* Work order
Go through the listing that follows and write it out exactly. Drop the pictures.

* Data

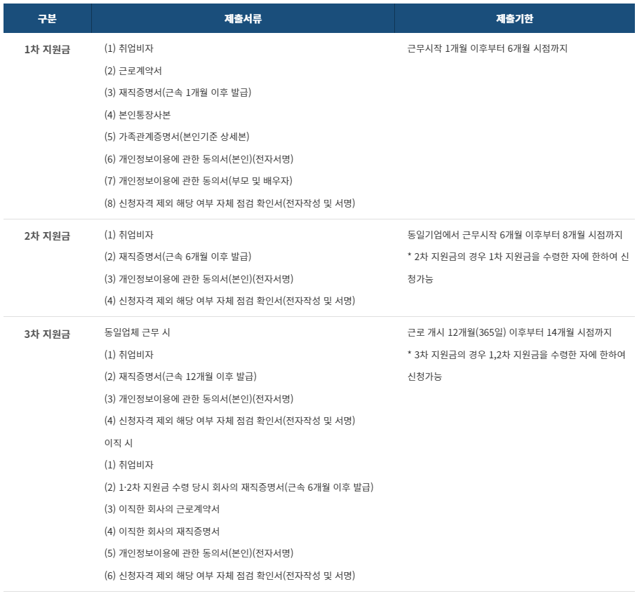 해외취업 정착지원금 신청 시에는 1차, 2차, 3차 지원금 신청에 따라 제출서류가 달라집니다.
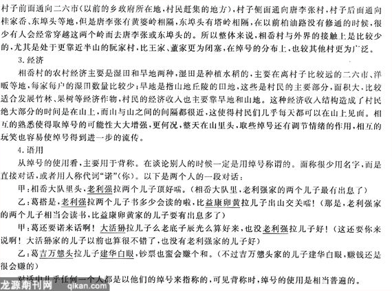 [摘要]宁波田螺山地区相岙村的绰号使用十分广泛,全村每个成年男子都拥有一个固定的绰号,多以“名字+绰号”四字格格式出现,也有少量三字格和二字格。语义以“描摹性情”、“勾画相貌”、“生殖器名”、“表述特长”或“轶事典故”为主,起用缘由受性别、地理、经济和语用限制,直接体现着该村的生产方式和从业特点,其社会文化的时代痕迹明显。
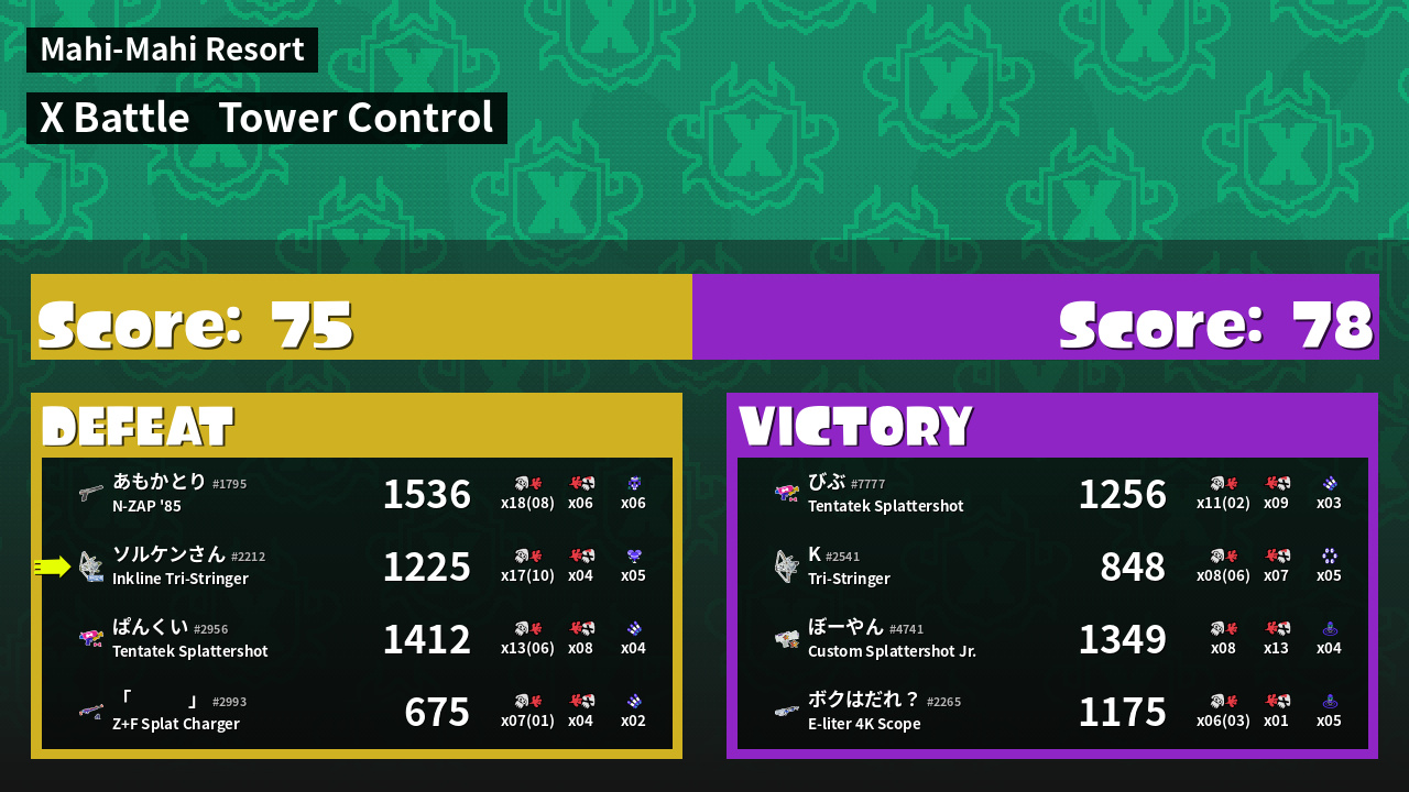 | Mode | Tower Control - X Battle | ||

* Exercise solution
 해외취업 정착지원금 신청 시에는 1차, 2차, 3차 지원금 신청에 따라 제출서류가 달라집니다.
 [摘要]宁波田螺山地区相岙村的绰号使用十分广泛,全村每个成年男子都拥有一个固定的绰号,多以“名字+绰号”四字格格式出现,也有少量三字格和二字格。语义以“描摹性情”、“勾画相貌”、“生殖器名”、“表述特长”或“轶事典故”为主,起用缘由受性别、地理、经济和语用限制,直接体现着该村的生产方式和从业特点,其社会文化的时代痕迹明显。
 | Mode | Tower Control - X Battle | ||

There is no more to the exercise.